Make sure to follow up 24-48 hours before your arrival so that all arrangements are in place. Enroll in the Smart Traveler Enrollment Program by the U.S Department of State – a free service that allows you to share trip information with the local U.S Embassy or Consulate of your destination. This can be helpful in case of an emergency.
Hire a Specialized Travel Agent
Planning a trip is a time-consuming and tedious task. However, some agents specialize in accessible tourism and can craft a unique itinerary, arrange private transportation, verify convenient hotels, and make the flight bookings. Some of these agents don’t charge planning fees but make money in hotel and other reservations.
Choose destinations that are efficient in accessible tourism like Japan, Turkey, Russia, Europe, Australia, or Asian countries like Bali and India. Many tour packages cater exclusively to accessible traveling.
Ask for the right guides from the travel agent who has prior experience in handling differently-abled people. Such guides can provide hassle-free time because they know the sights and restaurants you can and can’t access.
They are well versed with sign language for hearing-impaired and will take visible and invisible disabilities into account while planning the activities. Since the requirements for varied travelers can be extremely different, it is helpful if they understand the particulars of the situation. A right guide can make your experience joyful in the destination.
Don’t Forget the Travel Insurance
Some insurances only cover financial losses. Invest in a good travel insurance plan, which includes medical evacuation or medevac in case of emergency. If in a situation that you have to visit a local doctor of your destination, the chances are that he might charge twice or thrice the usual price. To avoid this, choose a plan which covers your medical claims as well.
Do your research as well. You need to have before-hand information about the accessibility at your destination and learn about the difficulties that you might have to face on the trip. With the help of the internet, you can do a lot of research on wheelchair or power scooter accessibility and feasibility and whether to take your own or a rented one.
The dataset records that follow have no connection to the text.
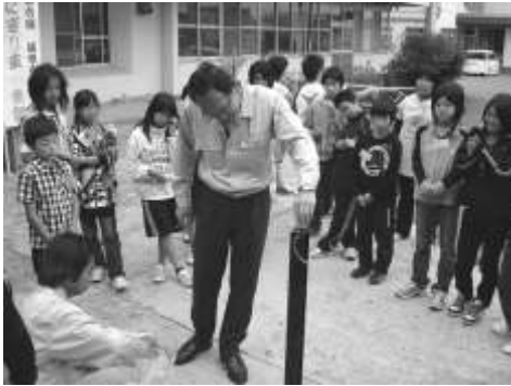
国土交通省職員による環境教育
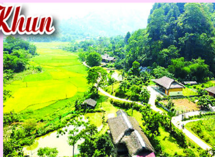
Một góc thôn Khun với những nếp nhà sàn truyền thống.

Phát huy lợi thế về cảnh quan thiên nhiên và bản sắc văn hóa, thôn Khun đã xây dựng Làng Văn hóa du lịch cộng đồng gắn với bảo
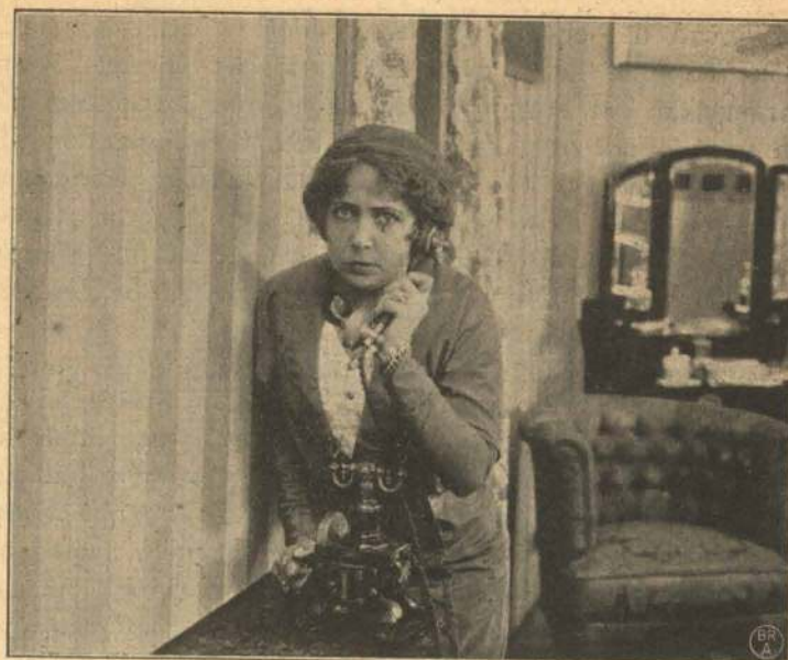
En vigtig Telefonsamtale.
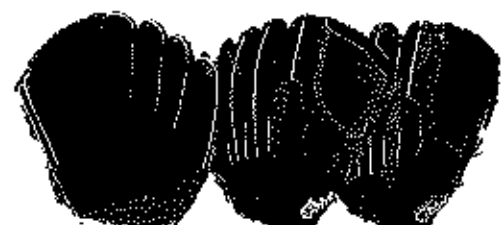
投手用 1G-27ZHB (27KHBのウェブ違い)
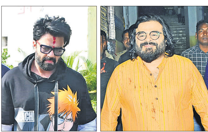
ମହାପ୍ରଭୁଙ୍କୁ ଦର୍ଶନ ପାଇଁ ଶ୍ରୀମନ୍ଦିର ଆସିଥିବା ଅଭିନେତା ମନୀଷ ପଲ ଏବଂ କଣ୍ଠଶିଳ୍ପୀ ପ୍ରୀତମ ଚକ୍ରବର୍ତ୍ତୀ।

ପୁରୀ ଅଫିସ, ୧୧୧୧ ଓଡ଼ିଶା ଗପ୍ଟ ଅବସରରେ ବଲିଉଡ୍ ଅଭିନେତା ମନୀଷ ପଲ ଏବଂ କଣ୍ଠଶିଳ୍ପୀ ପ୍ରୀତମ ଚକ୍ରବର୍ତ୍ତୀ କୁଧାରୀ ପୁରୀ ଆସି ମହାପ୍ରଭୁଙ୍କୁ ଦର୍ଶନ କରିଛନ୍ତି। ମନୀଷ ଓ ପ୍ରୀତମ ବାଇଶି ପାହାଚ ବେଳେ ଶ୍ରୀମନ୍ଦିରକୁ ପ୍ରବେଶ କରିଥିଲେ। ଭିତରବେଢ଼ା ନିକଟରେ ରତ୍ନସିଂହାସନାରୁ ଶ୍ରୀବିଗ୍ରହଙ୍କୁ ଦର୍ଶନ କରିଥିଲେ। ପରେ ବେଢ଼ା ପରିସରସ୍ଥ ମା' ମହାଲକ୍ଷ୍ମୀ, ମା' ବିନା, ବଚନଶେଖର ସମେତ ବିଭିନ୍ନ ଦେବଦେବୀଙ୍କୁ ଦର୍ଶନ କରିଥିଲେ। ଶ୍ରୀମନ୍ଦିର ଭିତରେ କିଛି ସମୟ ବିତାଇବା ପରେ ପ୍ରସ୍ଥାନ କରିଥିଲେ। ମନୀଷ ପ୍ରଥମ ଥର ପାଇଁ ପୁରୀ ଆସି ମହାପ୍ରଭୁଙ୍କୁ ଆଶିଷ ଛିଣ୍ଡା କରିବା ସହ ଦେଶର ମଙ୍ଗଳ କାମନା କରିଥିବା କହିଛନ୍ତି। ସେହିପରି କଣ୍ଠଶିଳ୍ପୀ ପ୍ରୀତମ ରାତିରେ ଆସି ମହାପ୍ରଭୁଙ୍କୁ ଦର୍ଶନ କରି ଫେରିଯାଇଛନ୍ତି।
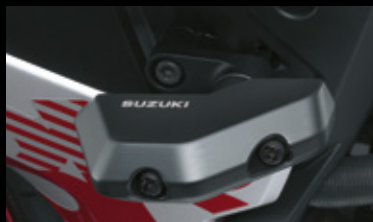
Frame Slider Set 41900-25850-000 Die Slider auf beiden Fahrzeugseiten sind durch eine Stange miteinander verbunden, was der Konstruktion höchste Festigkeit verleiht und die Schutzwirkung bei einem Sturz maximiert. Mit Suzuki Logo, Satz für rechte und linke Seite.
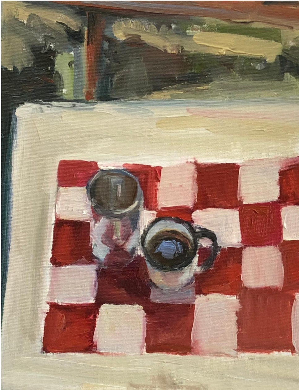
Liliana Alves, na memória , 2019, óleo sobre tela, 30 x 23,5 cm.
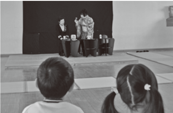
▲みんなで茶会を楽しみました
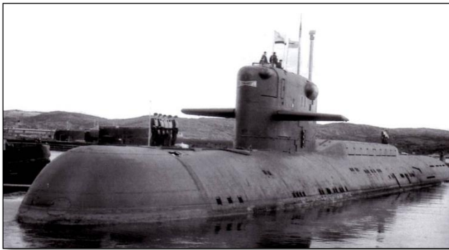
K-137 dans son port d'attache

Précédent la visite de L.I. Brejnev à Severodvinsk, le commandant en chef de la marine Sergei Georgievich Gorshkov et le secrétaire du Comité central du PCUS, (curateur) du complexe militaro-industriel Dmitry Fedorovich Ustinov sont montés à bord du K-137 (navire de tête 667A du projet, « Leninetz »).
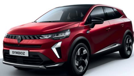
אדום מטאלי NNP
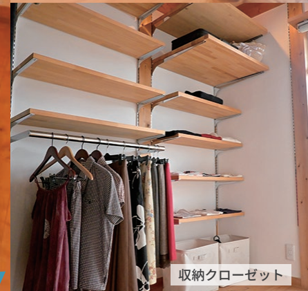
収納クローゼット
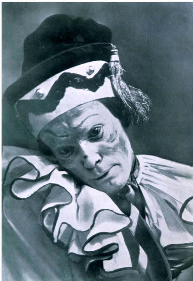
Vaslav Nijinski (1889-1950)
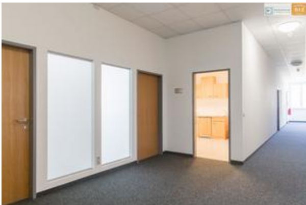
Eingang und Küchentür
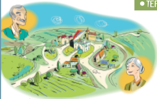
⬆ Vieillir chez soi, dans son village. p.16
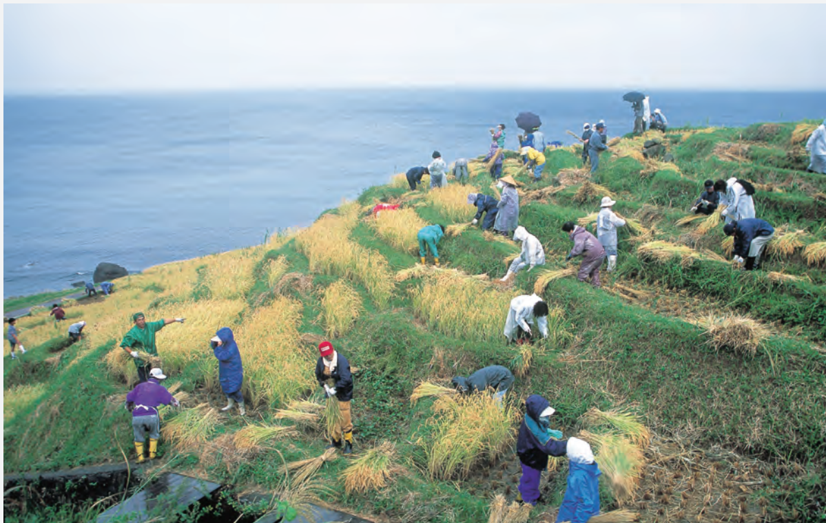
石川県輪島市の国指定文化財名勝「白米千枚田」での秋の収穫。
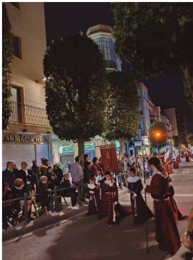
Recull d'imatges de la darrera edició de la Setmana Santa a Reus
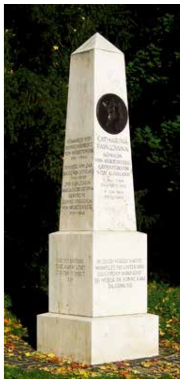
Königin Catharina-Denkmal D
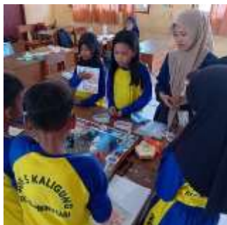
Gambar 3. Pelaksanaan Uji Skala Kecil
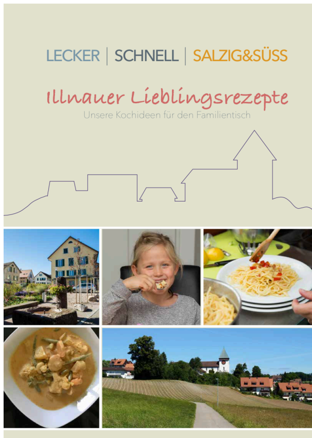
Titelbild unseres Kochbuches zum 25 jährigen Jubiläum
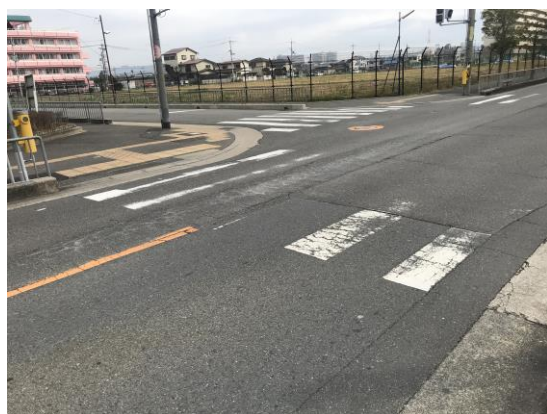
横断歩道が薄くなって轍も
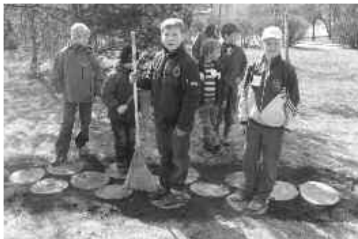
Zēni ierīko klasišu lekšanas laukumu.
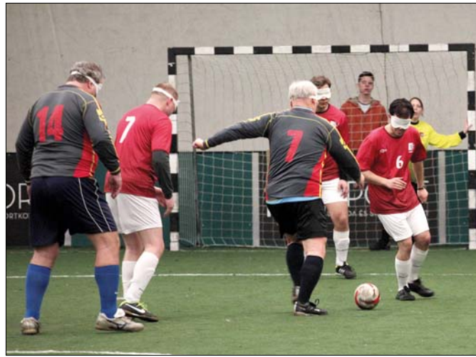
A LÁSS csapata (pirosban) egyre eredményesebb

A Látássérültek Szabadidős Sportegyesülete barátságos labdarúgó-mérkőzésre hívta a MALÉV-Old Boys öregfiúcsapatát. A MOM Sportban megrendezett, jó hangulatú összecsapáson egy góllal a vakfocisták győztek, bebizonyítva, hogy a sport képes eltüntetni az emberek közötti különbségeket.
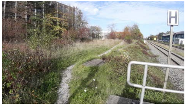
Abbildung 12: Grünstreifen mit östlich angrenzenden Bahngleisen
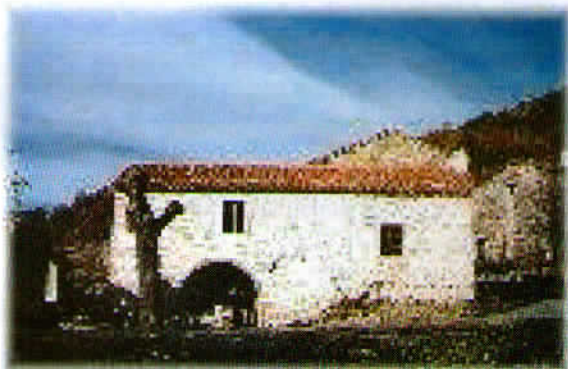
Bržanova domačija v Smokvici, kjer je viden prvi portal, vhod v stavbo.
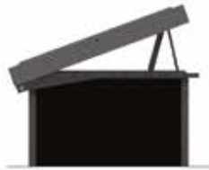
SOS VELONE Kit Souche Terrasse
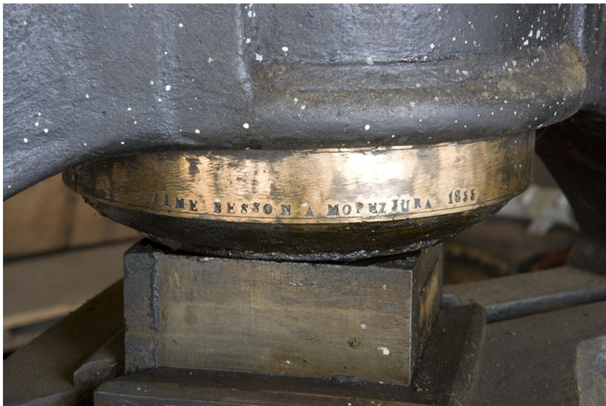
Inscription concernant le constructeur (Besson) et date (1855).
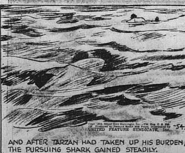
AND AFTER TARZAN HAD TAKEN UP HIS BURDEN, THE PURSUING SHARK GAINED STEADILY.

І Маріка побачила, як людоїд підпливав до Тарзана. Вона крикнула насторогу.
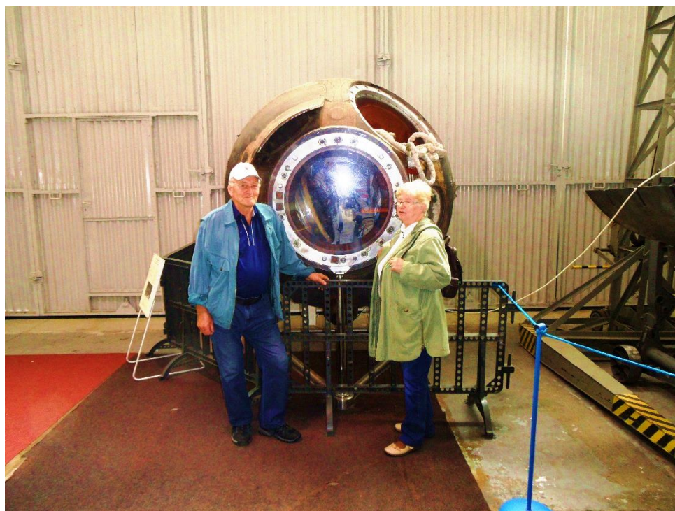
U sovětského přistávacího modulu (kabina pro kosmonauta).
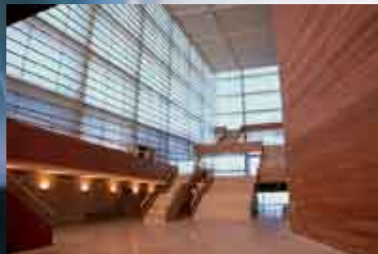
Palacio de Congresos Kursaal
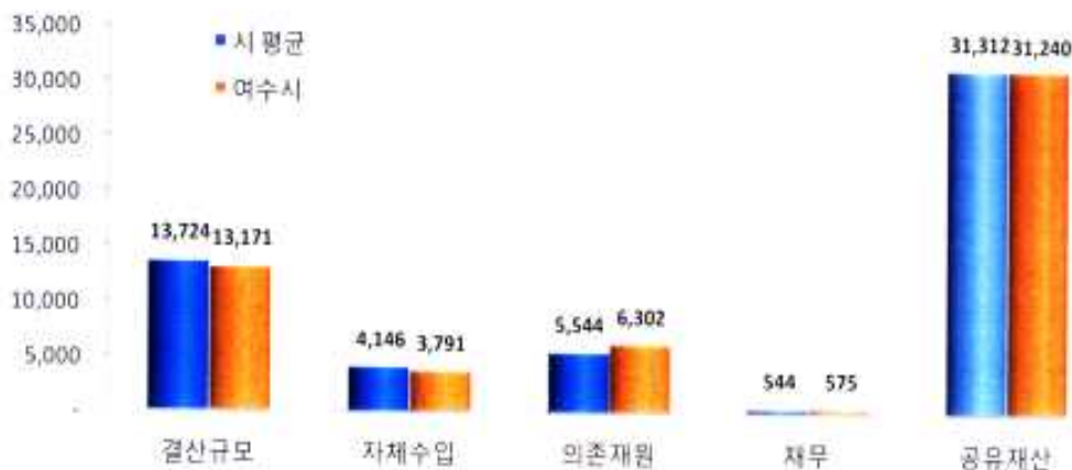
유사 지방자치단체 살림살이 규모비교 (단위: 억원)

There are many first-hand experiences and reviews shared by travelers on blogs and forums that can be a great insight into the destination. For example, the Eiffel Tower in France has elevators to accommodate differently-abled people. This will help you to plan your visit. Check the official tourism sites of the destinations to know their regulations and accessible-friendly places.
Traveling helps you to be resourceful and adapt to your physical environment. With meticulous planning and preparation, you can make any trip as imagined. The most important thing to remember is to research the destination and accommodations suitable for your needs and wants. Be patient as you will be going to a new place and meet new people who might take some time to understand your situation. Plan the trip keeping the caregiver and yourself in mind and explore the beautiful and unique places.